I closed my eyes and pinched the bridge of my nose. Fuck. I never should have said that to her. “I told you. I was trying to be the person you wanted me to be.”
“So it was my fault.” A hard edge to her tone now.
“No. None of it was. I’ve told you that too. I’ll take all the blame.”
“I loved you. I was willing to put up with all your shit. And you gave up on me. On us. You humiliated me.”
“I know.” That thought haunted me. Diana had loved me, even with all the strange quirks. What if I never had that again? Even if I hadn’t been madly in love with her, maybe I should have tried harder to make it work. “You deserved better.”
“Damn right I did,” she said bitterly. “We had a perfect wedding planned, Sebastian. A perfect life.”
No, we didn’t. Not for me.
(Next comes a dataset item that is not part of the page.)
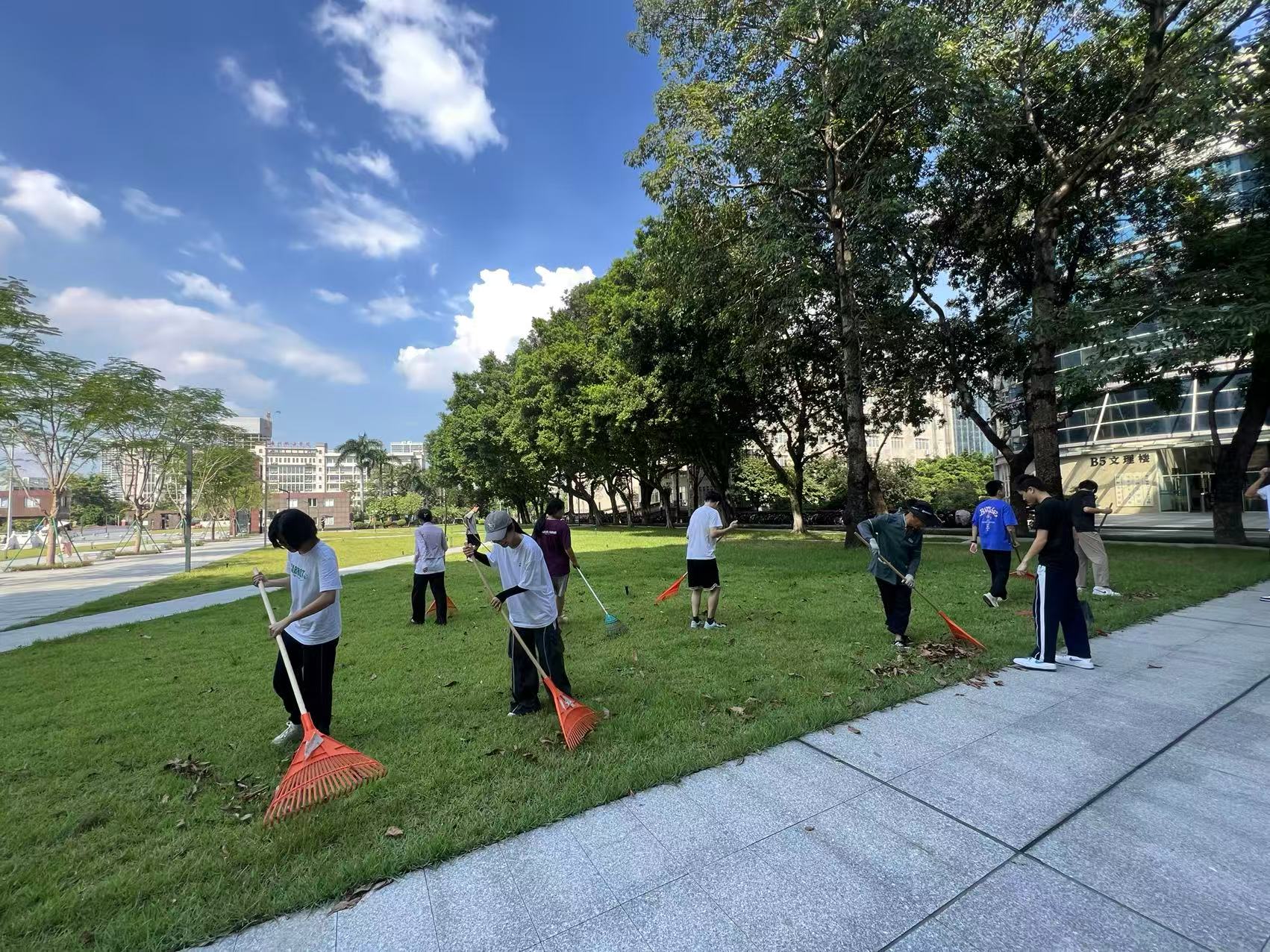 后勤人员与学生志愿者清扫草坪落叶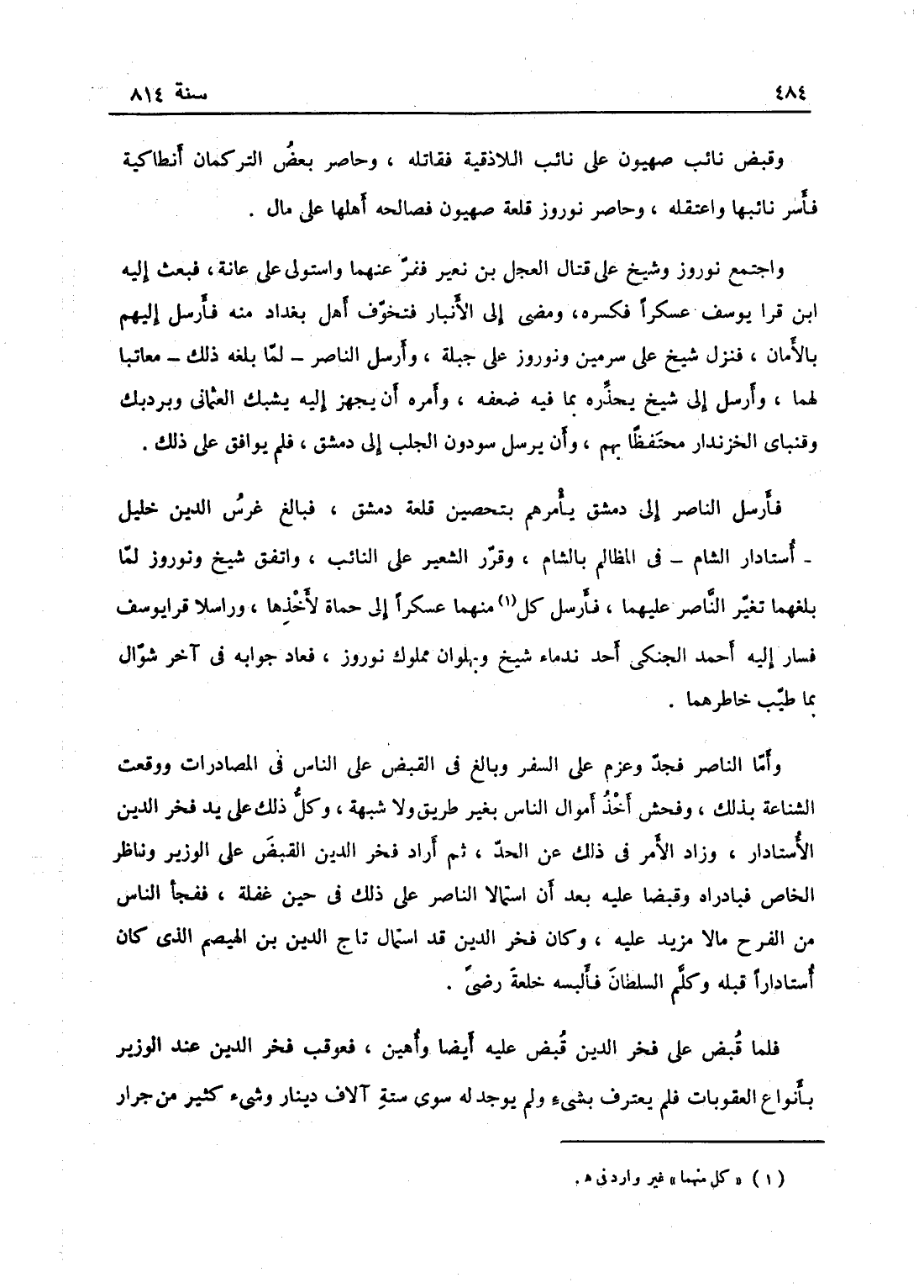 وقبض نائب صهيون على نائب اللاذقية فقتله، وحاصر بعض التركمان أنطاكية فأسر نائبها واعتقله، وحاصر نوروز قلعة صهيون فصالحه أهلها على مال، واجتمع نوروز وشيخ على قتال العجل بن نعير ففر منها فاستولى على عانة، فبعث ابن قرا يوسف عسكراً فكسره ومضى إلى الأنبار فتخوف أهل بغداد منهم فأرسل إليهم بالأمان، فنزل شيخ على سرمين ونوروز على جبلة وأرسل الناصر لما بلغه ذلك يعاتبهما وأرسل إلى شيخ يحذره بما فيه صنيعه وأمره أن يجهز يشيك العثماني وبردبك وقنباي الخازن دار محتفظاً بهم وأن يرسل سودون الجلب إلى دمشق فلم يوافق على ذلك فأرسل الناصر إلى دمشق يأمرهم بتحصين قلعة دمشق، فبالغ غرس الدين خليل أستادار الشام في المظالم بالشام وقرر الشعير على الجهات، واتفق شيخ ونوروز لما بلغهما تغير الناصر عليهما فأرسلا عسكر! إلى حماة لأخذها وراسلا قرا يوسف فسار أحمد الجنكي، أحد ندماء شيخ وبهلوان مملوك نوروز، فعاد جوابه في آخر شوال بما طاب به خاطرهما وأما الناصر فجد وعزم على السفر وبالغ في القبض على الناس في المصادرات ووقعت الشناعة بذلك وفحش أخذ أموال الناس بغير طريق ولا شبهة، وكل ذلك على يد فخر الدين الأستادار في ذلك على الحد، ثم أراد فخر الدين القبض على الوزير وناظر الخاص، فبادراه وقبضا عليه بعد أن استمالا الناصر على ذلك في حين غفلة منه، ففجيء الناس من الفرح مالا مزيد عليه، وكان فخر الدين قد استمال تاج الدين بن الهيصم الذي كان أستاداراً قبله وكلم السلطان فألبسه خلعة رضا، فلما قبض على فخر الدين قبض عليه أيضاً وأهين، فعوقب فخر الدين عند الوزير بأنواع العقوبات فلم يعترف بشيء ولم توجد له سوى ستة آلاف دينار وشيء كثير من جرار

That life in New York… The eighty hour work weeks, the all-nighters, the tedious grunt work, the insane deadlines, the constant pressure to bill, the competitive social scene, the pressure to constantly work more, earn more, have more. You loved all that. But it was tearing me apart.
“I should go.” I ended the call without saying anything else and went to bed, upset that I’d made the call in the first place. What the hell did I expect? I’d called off the wedding with six months to go, told her she wasn’t the one—why should she forgive me?
Sometimes I wondered if I’d made the wrong decision…maybe I had loved her enough and didn’t know it. Maybe I should have tried harder to live with the doubt. Maybe I should be married to her right now.
But it wasn’t Diana I missed when I got between the sheets that night. It wasn’t her body I wanted next to mine as I slipped my hard, swollen flesh through my fist. It wasn’t her smile or her voice or her laugh or her eyes or her mouth I thought about at the moment of agonizing, sublime relief.